Department of Molecular Life Science, University Zürich, Winterthurerstrasse 190, 8057 Zürich, Switzerland.
Institute for Chemical and Bioengineering, ETH Zürich, 8093 Zürich, Switzerland.
Development. 2021 Jul 15;148(18). doi: 10.1242/dev.199674. Epub 2021 Jul 21.
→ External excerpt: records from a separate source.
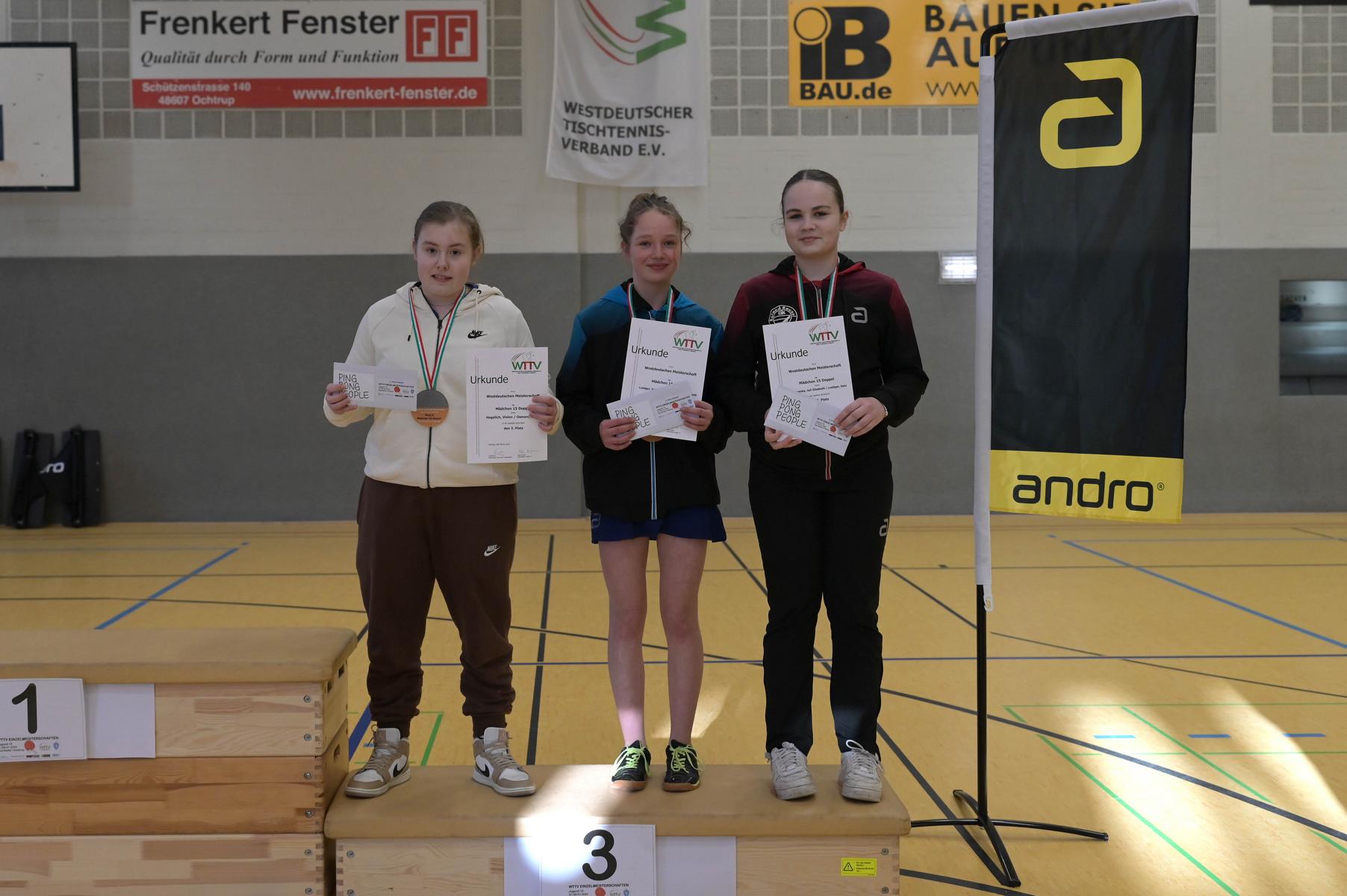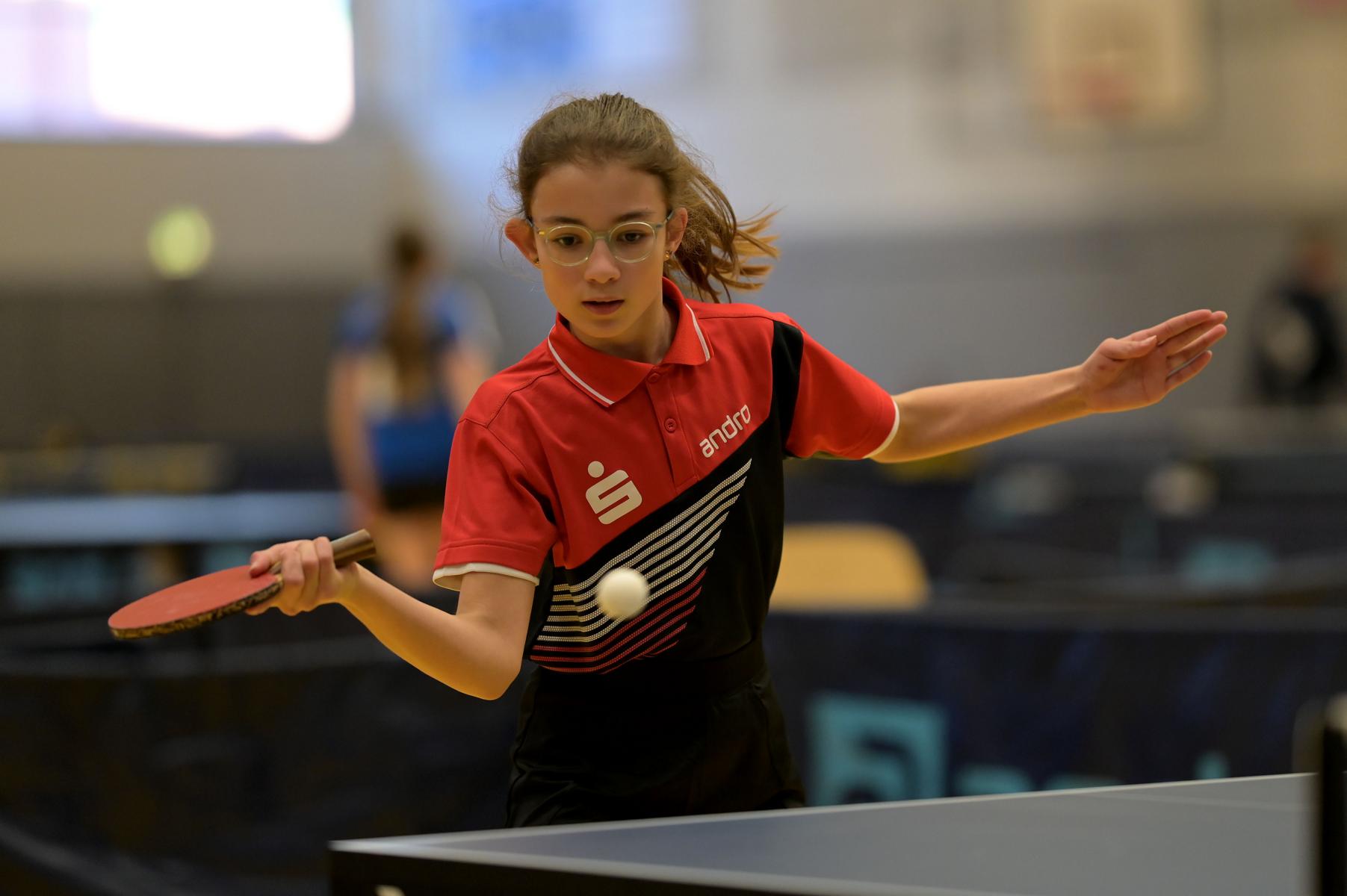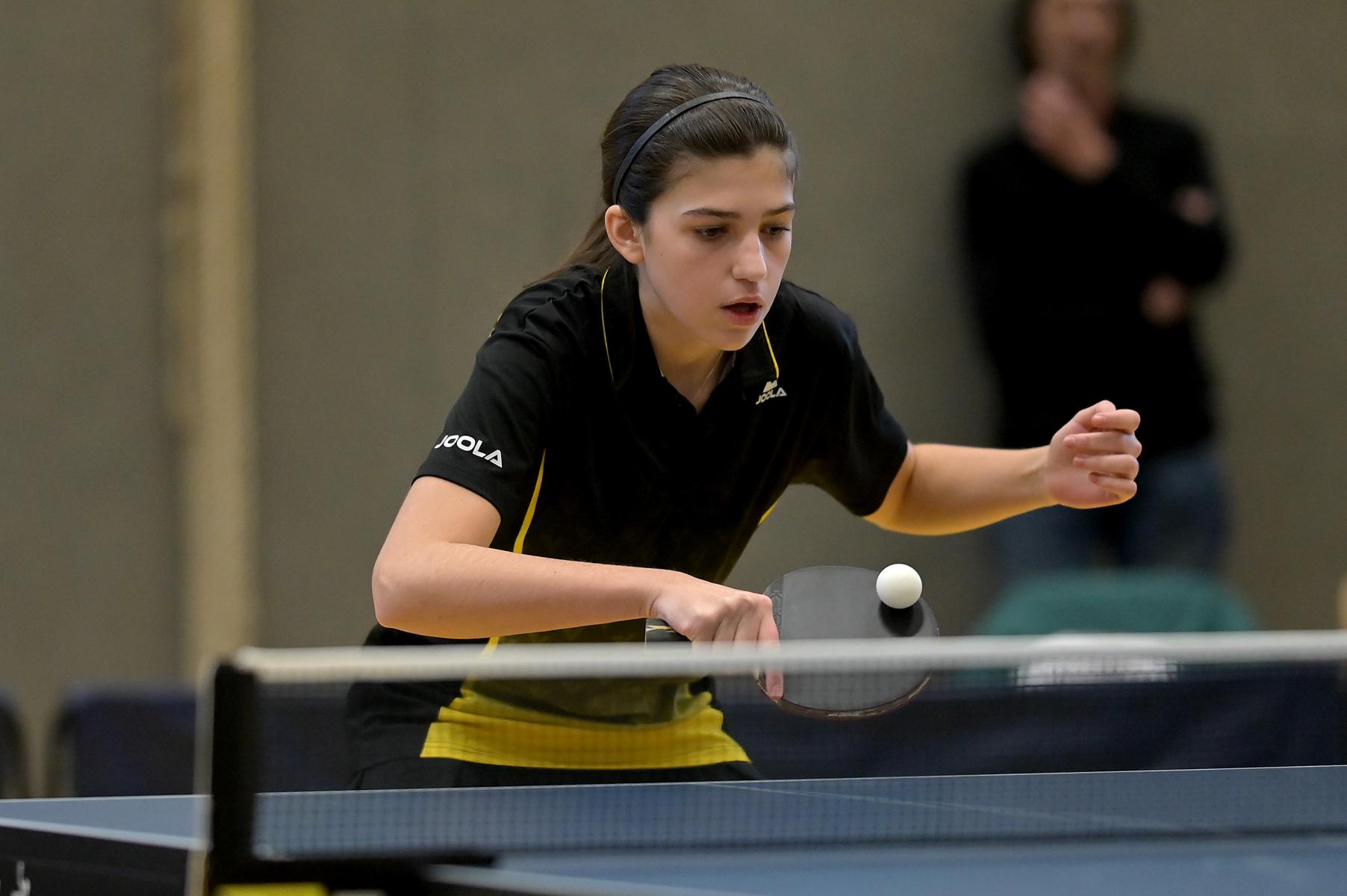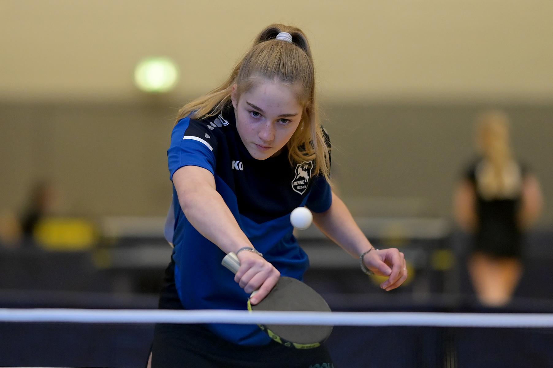 Im Mädchen-Einzel erreichten alle vier Gesetzten, Mariia Bodnar (DJK BW Annen), Linyun Wei (TG Neuss), Greta Bögershausen (Borussia Düsseldorf) und Frieda Strugholz (TTC DJK Bad Westernkotten), ohne größere Schwierigkeiten das Halbfinale. Dass die vier Mädchen leistungsmäßig sehr nah beieinander liegen, zeigt, dass die restlichen drei Spiele erst im Entscheidungssatz entschieden wurden. Mariia besiegte in einem sehr spannenden Match in der Vorschlussrunde Linyun mit 12:10 im fünften Satz. Auch das Spiel zwischen Greta und Frieda endete mit nur zwei Bällen Unterschied, hier behielt Frieda mit 11:9 im letzten Satz die Oberhand gegen Greta.
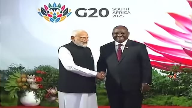 Johannesburg | Prime Minister Narendra Modi was on Saturday warmly welcomed by South African President Cyril Ramaphosa as he reached the venue for the G20 Leaders' Summit here.
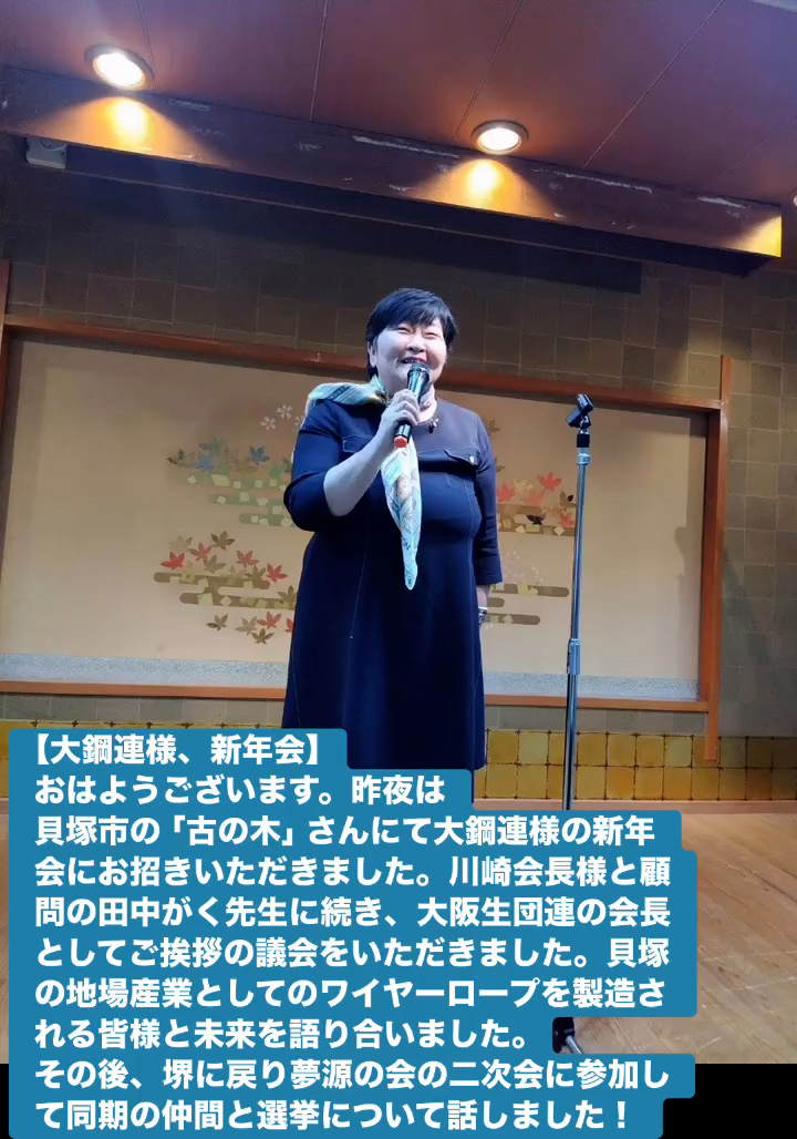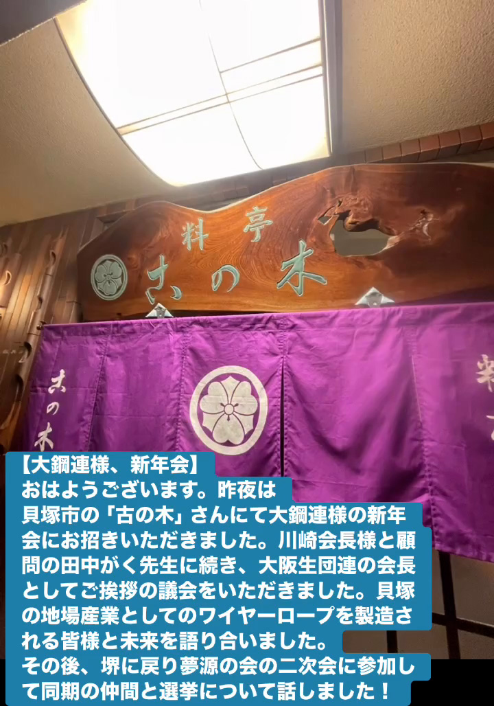おはようございます。昨夜は貝塚市の「古の木」さんにて大鋼連様の新年会にお招きいただきました。川崎会長様と顧問の田中がく先生に続き、大阪生団連の会長としてご挨拶の議会をいただきました。 貝塚の地場産業としてのワイヤーロープを製造される皆様と未来を語り合いました。
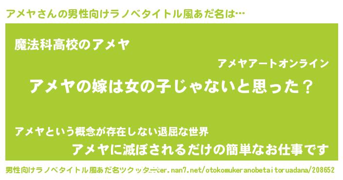 | 意味不明あだ名 | 『とにかく怪しいアメヤ』『自称アメヤ』 |
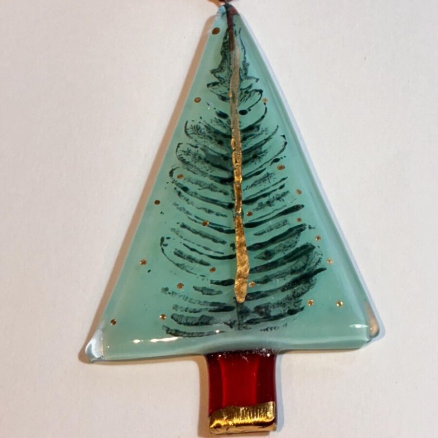 A beautiful handmade fused glass teal tree decoration with a little bit of gold and printed detail made from real fern leaves and kiln fired. Made with fused glass and hand painted parts carefully assembled and kiln fired.
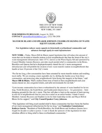 Press Release: MAYOR DE BLASIO AND SPEAKER JOHNSON CELEBRATE SIGNING OF WASTE EQUITY LEGISLATION
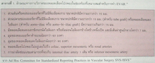 ความเหมาะสมสำหรับ EVAR ขึ้นอยู่กับลักษณะจำเพาะทางกายวิภาคศาสตร์ของหลอดเลือด13,14 ตามตารางที่ 1. จุดสำคัญที่สุดคือความยาวของหลอดเลือดปกติส่วนต้นและปลายต่อหลอดเลือดโป่งพอง ส่วนใหญ่แล้วหลอดเลือดโป่งพองจะอยู่เลยจุดแยก และลามลงไปถึงหลอดเลือดแดงไอลิแอก. ดังนั้นจึงพบว่า สำหรับ EVAR จะใช้ bifurcate device (aorto-biiliac) เป็นส่วนมาก ต่างจากการเปิดหน้าท้องผ่าตัดซ่อมหลอดเลือดโป่งพอง ซึ่งจะใช้ tube graft มากว่า เพราะสามารถเย็บต่อได้ที่ขอบผนังเอออร์ตาที่ติดกับรูเปิดของหลอดเลือดแดงคัมม่อนไอลิแอก.15
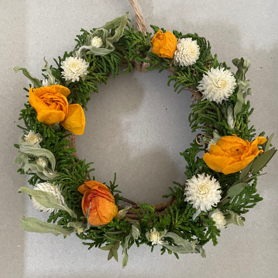 ヒバ、ユーカリなどのグリーンに、ラナンキュラス、千日紅のドライフラワーをあしらいました。
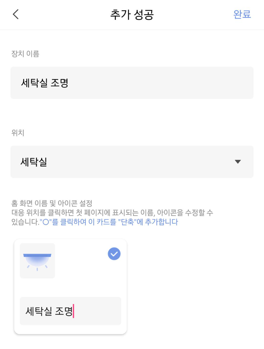 설정은 쉽죠? SmartThings처럼 아이콘 변경도 가능해요 아이콘은 SmartThings가 더이쁜거같네요 ㅎ
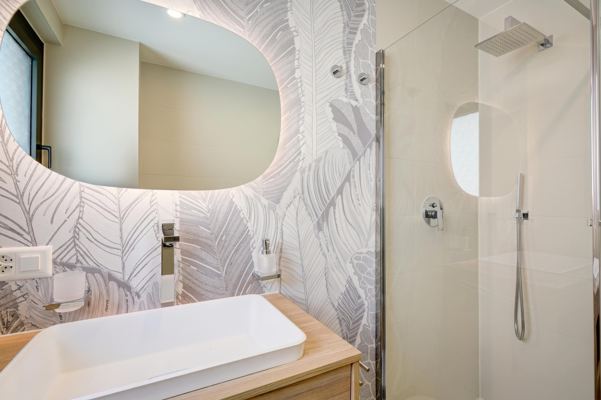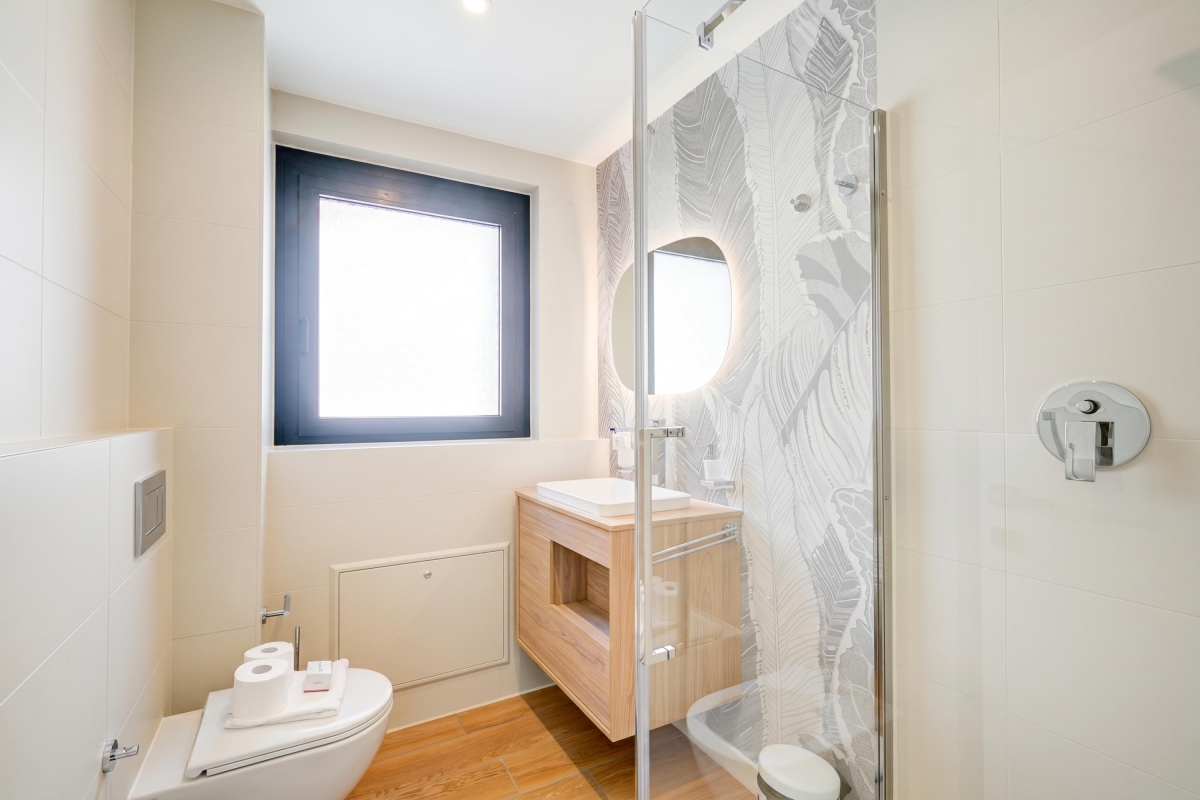 Bathroom 1: Next to the master bedroom this stylish bathroom has a glass shower, large basin, bidet and WC.
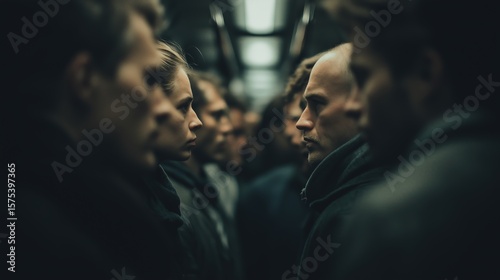 intense, gaze, crowded, subway, tunnel, people, facing, each, setting, urban, crowd, transport, city, shadow, expression, portrait, closeup, face, ambience, emotion, contrast, anonymity, humanity, travel, commuting, evening, atmosphere, connection, direction, sharpened, style, interaction, depth, mystery, crowding, public, transportation, underground, isolation, tension, mood, surreal

Several microfluidic-based methods for Caenorhabditis elegans imaging have recently been introduced. Existing methods either permit imaging across multiple larval stages without maintaining a stable worm orientation, or allow for very good immobilization but are only suitable for shorter experiments. Here, we present a novel microfluidic imaging method that allows parallel live-imaging across multiple larval stages, while maintaining worm orientation and identity over time. This is achieved through an array of microfluidic trap channels carefully tuned to maintain worms in a stable orientation, while allowing growth and molting to occur. Immobilization is supported by an active hydraulic valve, which presses worms onto the cover glass during image acquisition only. In this way, excellent quality images can be acquired with minimal impact on worm viability or developmental timing. The capabilities of the devices are demonstrated by observing the hypodermal seam and P-cell divisions and, for the first time, the entire process of vulval development from induction to the end of morphogenesis. Moreover, we demonstrate feasibility of on-chip RNAi by perturbing basement membrane breaching during anchor cell invasion.
最近已经提出了几种基于微流控的秀丽隐杆线虫成像方法。现有的方法要么允许在不保持稳定的线虫方向的情况下对多个幼虫阶段进行成像,要么允许非常好的固定化,但只适用于较短的实验。在这里,我们提出了一种新颖的微流控成像方法,该方法允许在多个幼虫阶段进行平行活体成像,同时随着时间的推移保持线虫的方向和身份。这是通过精心调整的微流道阵列实现的,该阵列能够将线虫保持在稳定的方向,同时允许生长和蜕皮发生。通过一个主动的液压阀实现固定化,该阀仅在获取图像时将线虫压在盖玻片上。通过这种方式,可以以最小的对线虫活力或发育时间的影响获得高质量的图像。该设备的功能通过观察皮下 seam 和 P 细胞分裂来证明,并且首次观察到从诱导到形态发生结束的整个过程。此外,我们通过在锚定细胞入侵过程中干扰基膜突破来证明芯片上 RNAi 的可行性。